[pure-silver] Re: Selenium toning inconsistency

  • From: "Eric Neilsen Photo" <ej@xxxxxxxxxxxxxxxxxxxxxxxxxx>
  • To: <pure-silver@xxxxxxxxxxxxx>
  • Date: Wed, 28 Jul 2010 13:11:05 -0500

we hadn't talked temp yet, but you may also see changes in tones based on
temperature of solutions. So it is best to stay somewhat consistent
including through the wash step. I am not talking just the toning solution
but also the temp of your developing line. Anything that changes the speed
of the process can be a factor. 

I also like my selenium toner on the strong side but find that 1:9 gives me
more control for slight changes. It would of course depend on , to
completion, and I think that was the OPs goal. 

Eric Neilsen
Eric Neilsen Photography
4101 Commerce Street, Suite 9
Dallas, TX 75226
 
www.ericneilsenphotography.com
skype me with ejprinter
www.ericneilsenphotography.com/forum1
Let's Talk Photography
 

-----Original Message-----
From: pure-silver-bounce@xxxxxxxxxxxxx
[mailto:pure-silver-bounce@xxxxxxxxxxxxx] On Behalf Of Lloyd Erlick
Sent: Tuesday, July 27, 2010 8:13 AM
To: pure-silver@xxxxxxxxxxxxx
Subject: [pure-silver] Re: Selenium toning inconsistency

At 02:31 PM 7/26/2010 , you wrote:
...

>Does anyone out there have a good handle on what makes changes in the  
>final color?
>Developer changes?   Dilution, composition?
>Selenium differences?  Age, dilution, exhaustion?
>Paper differences?  same paper but different batch?
>
>thanks for anything you might know about it.
>Dennis Purdy
>==============


July 27, 2010, from Lloyd Erlick,

Your list of possibles is pretty likely. Age of the selenium toner might
not be such a huge factor; mine is years old, and has occasionally stood
idle for many months. Exhaustion of the toner is a big deal; there is
little point in storing highly dilute selenium toner. I like mine fairly
concentrated, though, and that is expensive. I dilute selenium toner 1+5 in
distilled water, and I find that long before I suspect toner exhaustion,
solution carry-out on may sheets of paper has reduced the quantity to the
point I have to top up with fresh toner diluted 1+5. So exhaustion never
really enters into it.

Developer differences are crucial.

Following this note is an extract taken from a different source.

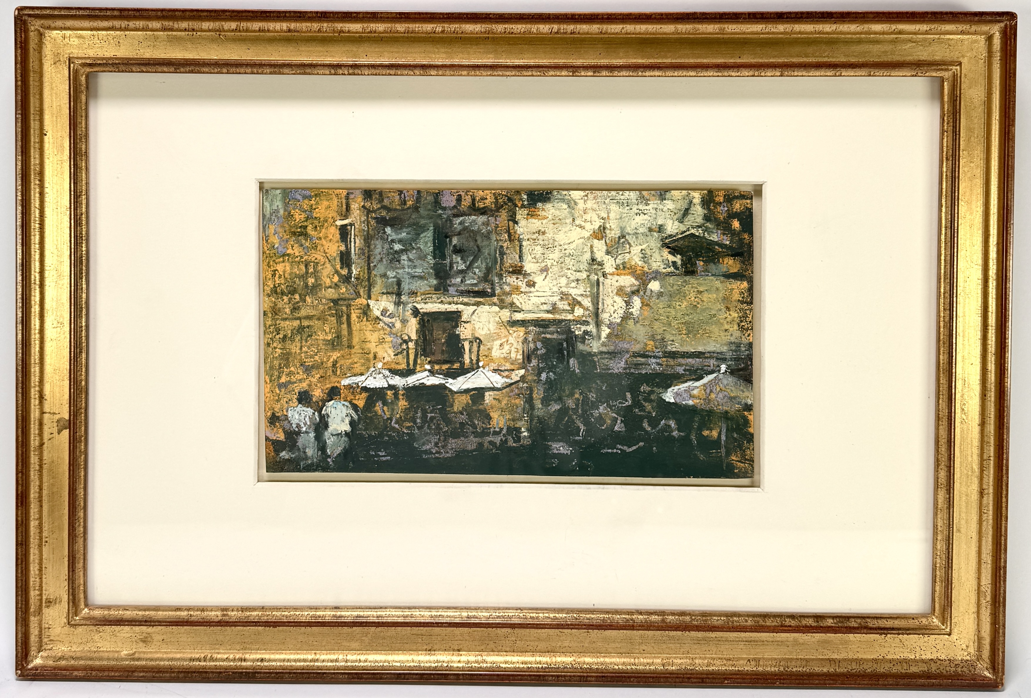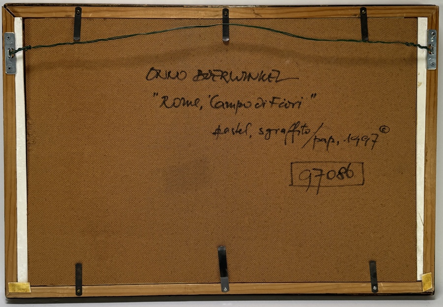 Gemengde techniek op papier door Onno Boerwinkel (1950), getiteld “Rome, Campo di’ Fiori”, 1997. Expressionistisch stadsgezicht in acryl en sgraffito met warme aardtinten en figuratieve details van terrasfiguren en gevels. Handgeschreven titel, signatuur en jaartal verso, genummerd 97086. Het werk bevindt zich in een goudkleurige lijst met passe-partout. Dit schilderij zelf beoordelen? Je bent welkom op onze kijkdagen op 28, 29 en 30 november! |
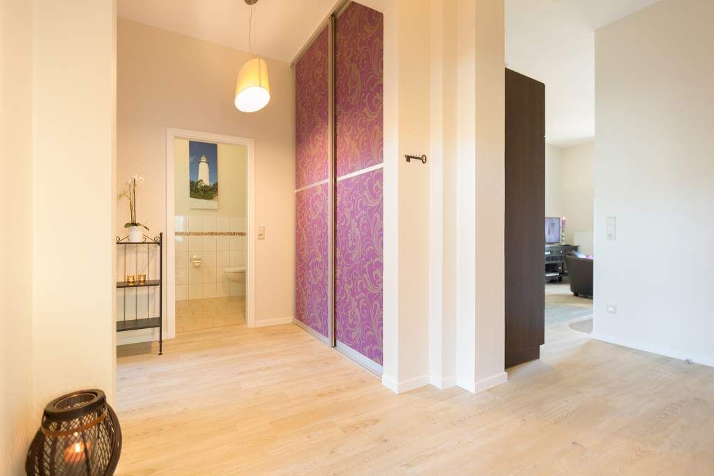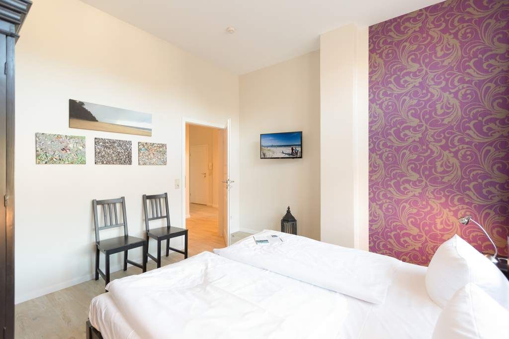 Stylische Farben und ein moderner Look versprühen sofort das passende Urlaubsfeeling. Die schöne 3-Raum-Ferienwohnung (75 qm) befindet sich im 1. Obergeschoss des Hauses und bietet Platz für 4 Erwachsene und ein Kleinkind bis 3 Jahre. An den Wohnbereich mit bequemer Sitzgruppe und schönen Kaminofen schließt sich die offene Küche mit Essplatz an. Auf dem Südbalkon lässt es sich besonders gut relaxen und man genießt den Blick ins Grüne. Die beiden Schlafzimmer mit Doppelbetten und TV, ein Bad mit Dusche und WC und ein Gäste-WC ergänzen die Wohnung. Für die Wohnung steht ein PKW-Stellplatz zur Verfügung. Ein WLAN-Netz im Haus kann kostenfrei genutzt werden. Auf Wunsch stellen wir für unsere kleinen Gäste ein Kinderreisebett (ohne zusätzliche Matratze & Bettzeug) und einen Kinderhochstuhl ( gegen einen Aufpreis) zur Verfügung. Für Ihren Komfort sind die Betten bei der Anreise bezogen und Handtücher liegen bereit (Erstausstattung). Für den Tag am Meer steht Ihnen als besonderes Bonbon von Mitte Mai bis Ende September (je nach Witterung) ein Strandkorb am Strand kostenlos zur Verfügung.

For fine work I always start with a
fresh batch. Hopefully it will be the same as the previous time I mixed it,
eh?

But batch to batch differences in paper manufacture? I found MGW to be a
very reliable product. But definitely from time to time I noticed small
differences. Once I had a box of 11x14 sheets of MGW at the same time as I
had a box of larger sheets, I think 20x24. Both supposedly the same specs,
but the surface was different one t'other. One's surface gloss was glossier
than from the other box. I'm pretty sure I've noticed different reactions
to developer and toner over the millennia, but I've never made the side by
side comparison you've been doing, so I have nothing to point to. Frankly,
I'd suspect manufacturer batch discrepancies first for the problem you're
describing, but Ilford could easily respond that my difficulties were
mainly long ago when the product was only a babe.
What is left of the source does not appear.